Rate cut comes on top of previous 50-point cut last week
Pete Evans · CBC News · Posted: Mar 13, 2020 2:20 PM ET |
The Bank of Canada has made an unexpected rate cut, cutting the central bank’s benchmark interest rate by 50 basis points to 0.75 per cent.
The central bank already cut its rate to 1.25 per cent at a previously scheduled meeting on March 4 to help counteract the impact of the coronavirus. Friday’s decision takes that one step further.
“This unscheduled rate decision is a proactive measure taken in light of the negative shocks to Canada’s economy arising from the COVID-19 pandemic and the recent sharp drop in oil prices,” the bank said.
Under normal circumstances, the bank meets every six weeks to set its interest rate, and only takes action outside of those time frames when the situation calls for it.

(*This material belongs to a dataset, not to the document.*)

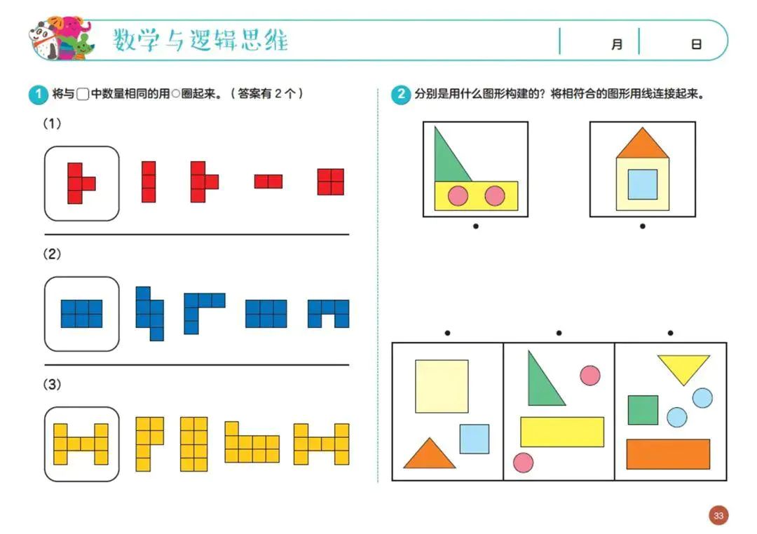 另外,4~5岁分册中同时加入了钱币、时间等生活概念,从平面图形逐渐过渡到立体图形,巩固比较的概念等。

Friday’s decision shows just how seriously Canadian policy-makers are taking the coronavirus situation.
“As we’ve seen by the rapid-fire moves, you know, we could see another rate cut by the bank,” said Doug Porter, chief economist with the Bank of Montreal.
The bank’s next scheduled rate decision is set for April 15, at which point the central bank says it will “provide a full update of its outlook for the Canadian and global economies.”

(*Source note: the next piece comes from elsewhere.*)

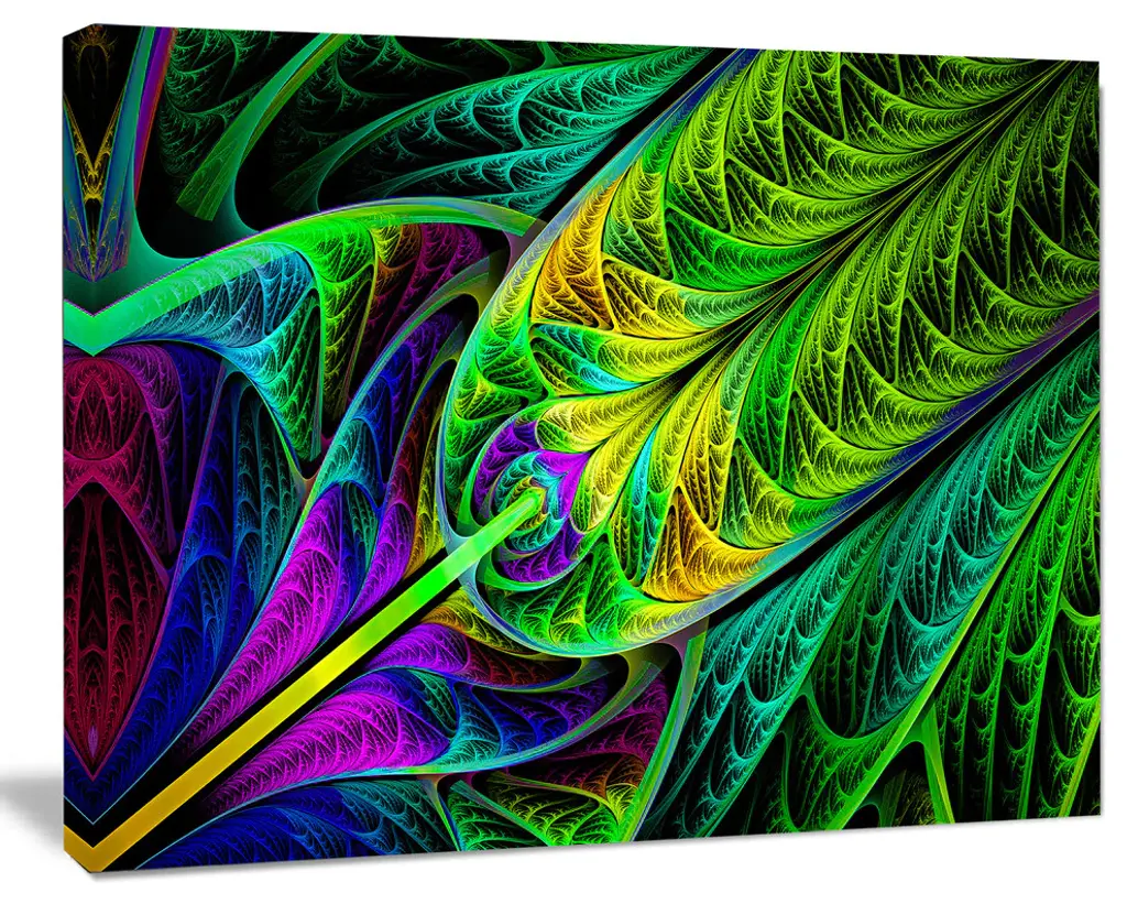Green Blue Fractal Stained Glass, Oversized Abstract Canvas Art Print, 60x40

Porter thinks the bank will indeed cut again, but likely not before that scheduled meeting. “At this point, we’re penciling in another 50-basis-point cut … which will take them down to 0.25, which is as low as we got during the financial crisis.”
The bank’s rate impacts the rates that Canadian savers and borrowers get for things like savings accounts and mortgages.
All things being equal, the bank raises its rate when it wants to cool down an economy that is overheating with high inflation. It cuts when it wants to encourage people to borrow, spend and invest.
The global coronavirus pandemic has many worrying about what will happen to Canada’s economy as workers are quarantined and trade routes grind to a halt.
The Royal Bank of Canada said Friday it expects Canada to go into a recession later this year.